Cons of zeromq/libzmq
- Larger codebase and more complex to understand and integrate into a project compared to Mio.
- May have a higher learning curve for developers who are not familiar with the ZeroMQ ecosystem.
- Potentially less performant for certain use cases due to the additional abstraction layers.
Code Comparison
Here's a simple example of using Mio to create a TCP server:
use mio::{Events, Interest, Poll, Token};
use mio::net::TcpListener;
use std::io;
fn main() -> io::Result<()> {
let mut poll = Poll::new()?;
let mut events = Events::with_capacity(1024);
let mut listener = TcpListener::bind("127.0.0.1:8080")?;
poll.registry().register(&mut listener, Token(0), Interest::READABLE)?;
loop {
poll.poll(&mut events, None)?;
// Handle events
}
}
And here's an example of using ZeroMQ to create a simple request-reply server:
#include <zmq.h>
#include <stdio.h>
#include <unistd.h>
int main () {
void *context = zmq_ctx_new();
void *responder = zmq_socket(context, ZMQ_REP);
zmq_bind(responder, "tcp://*:5555");
while (1) {
char buffer [10];
zmq_recv(responder, buffer, 10, 0);
printf("Received Hello\n");
zmq_send(responder, "World", 5, 0);
}
zmq_close(responder);
zmq_ctx_destroy(context);
return 0;
}
Node.js JavaScript runtime ✨🐢🚀✨
Pros of Node.js
- Extensive Ecosystem: Node.js has a vast and mature ecosystem with a wide range of libraries and tools available through the npm package manager, making it easier to build complex applications.
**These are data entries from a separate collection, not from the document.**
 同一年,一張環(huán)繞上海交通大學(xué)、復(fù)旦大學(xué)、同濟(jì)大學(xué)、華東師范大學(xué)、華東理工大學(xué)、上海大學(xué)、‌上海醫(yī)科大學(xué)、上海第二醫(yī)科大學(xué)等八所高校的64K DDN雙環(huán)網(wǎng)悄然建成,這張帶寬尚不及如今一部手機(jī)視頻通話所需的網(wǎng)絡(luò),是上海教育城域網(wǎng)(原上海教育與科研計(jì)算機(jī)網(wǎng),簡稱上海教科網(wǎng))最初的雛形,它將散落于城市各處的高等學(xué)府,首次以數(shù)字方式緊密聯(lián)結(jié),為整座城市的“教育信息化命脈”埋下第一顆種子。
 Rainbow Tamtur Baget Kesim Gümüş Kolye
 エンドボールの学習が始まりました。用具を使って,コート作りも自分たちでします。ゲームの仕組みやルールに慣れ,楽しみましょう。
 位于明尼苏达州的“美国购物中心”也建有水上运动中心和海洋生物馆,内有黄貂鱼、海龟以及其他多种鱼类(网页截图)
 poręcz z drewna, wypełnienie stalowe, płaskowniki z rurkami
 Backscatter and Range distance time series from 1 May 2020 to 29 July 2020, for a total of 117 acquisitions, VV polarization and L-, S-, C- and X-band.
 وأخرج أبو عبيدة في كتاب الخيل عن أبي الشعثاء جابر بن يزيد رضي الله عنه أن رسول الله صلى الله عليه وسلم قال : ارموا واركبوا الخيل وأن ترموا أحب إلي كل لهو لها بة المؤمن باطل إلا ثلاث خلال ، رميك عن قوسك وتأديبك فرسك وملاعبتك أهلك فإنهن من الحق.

- Cross-Platform Compatibility: Node.js is designed to be cross-platform, allowing developers to write code that can run on various operating systems, including Windows, macOS, and Linux.
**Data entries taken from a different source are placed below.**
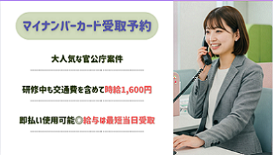 【高時給1600円】マイナンバーカード受取予約受付☆彡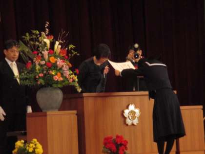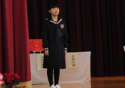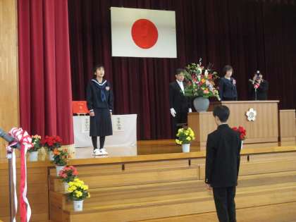 卒業証書授与です。凛とした姿で自分の思いを伝えています。証書授与の態度も立派です。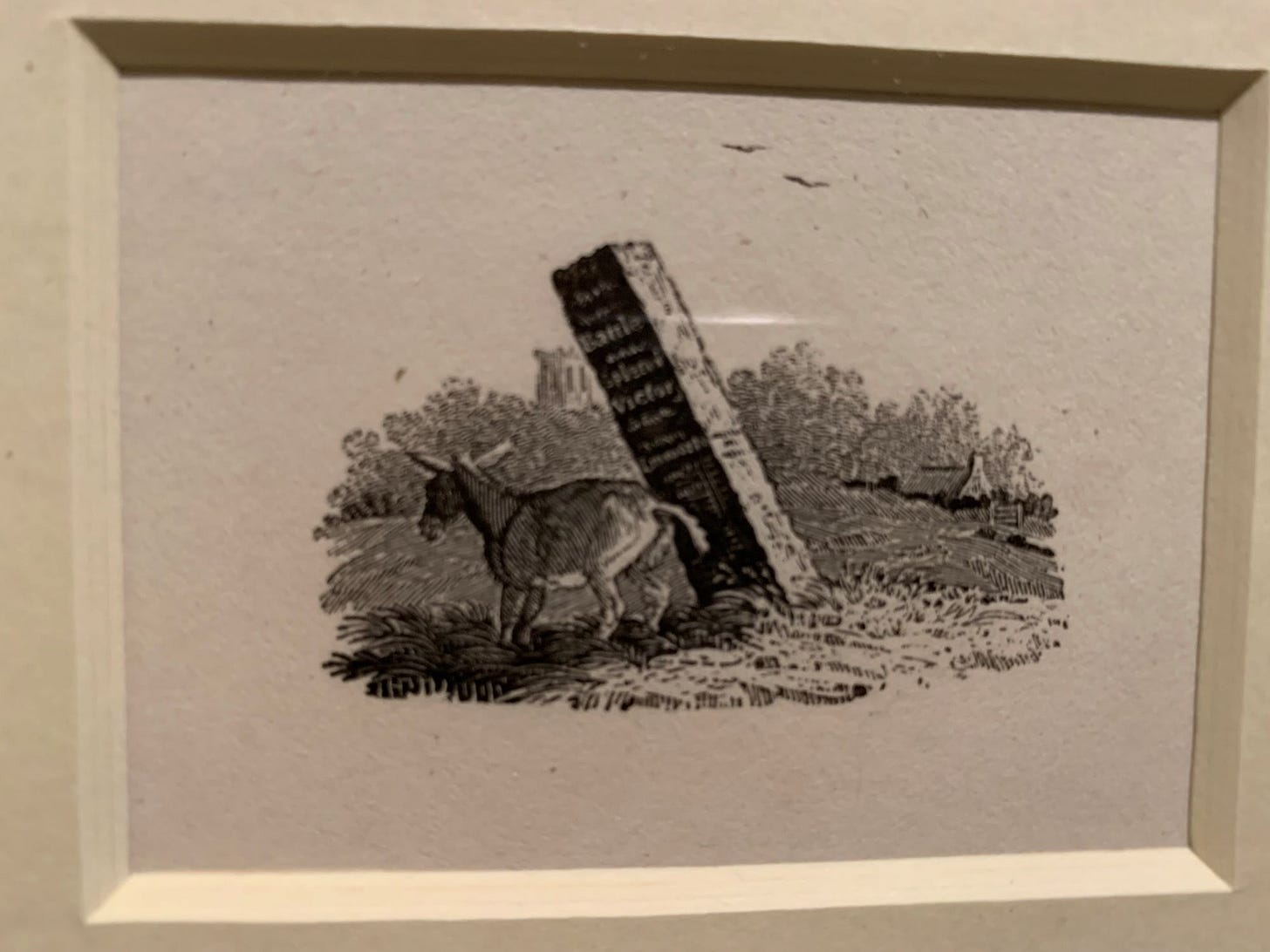 Bewick’s sense of humour, plus his moral sensibility, is evident again in his tale-piece engraving of a donkey scratching its bum on a war memorial. Such is life.
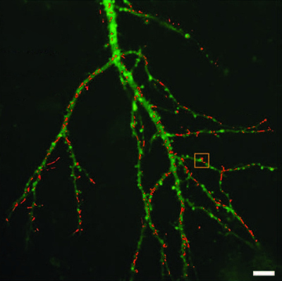 | | Neuron Imaging: Quantum dots can be attached to selected proteins. Imaging their emission in real time (red traces in this snapshot) allows to study the diffusion of proteins inside brain neurons. Scale bar: 5 microns. Credit: Modi, S. et al. Nanoscale 2018, 10/CC-BY |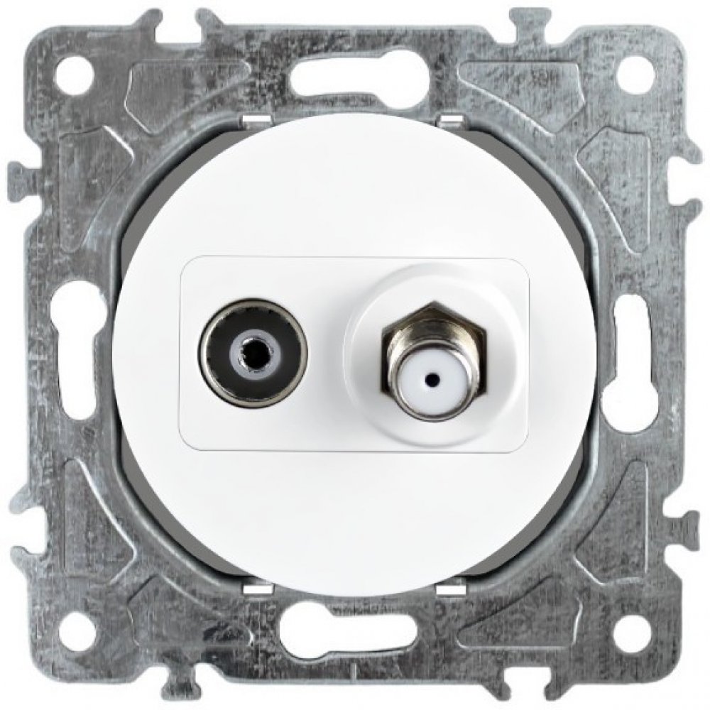Televizní a satelitní zásuvka Elhard RONDO RD2028W v bílé barvě je anténní zásuvka kulatého tvaru pro rozvod TV+SAT signálu. Montáž do elektroinstalační krabice typ 68. Dodává se bez krycího rámečku, možno dokoupit plastový nebo skleněný rámeček RONDO.

- Asynchronous Programming: Node.js is built on an asynchronous, event-driven architecture, which can be beneficial for building scalable network applications that handle a large number of concurrent connections.
Cons of Node.js
- Callback Hell: The traditional callback-based asynchronous programming in Node.js can lead to the "callback hell" problem, where the code becomes difficult to read and maintain due to deeply nested callbacks.
- Single-Threaded Nature: Node.js is single-threaded, which means it can only utilize a single CPU core at a time. This can be a limitation for CPU-intensive tasks, as they may not take full advantage of modern multi-core processors.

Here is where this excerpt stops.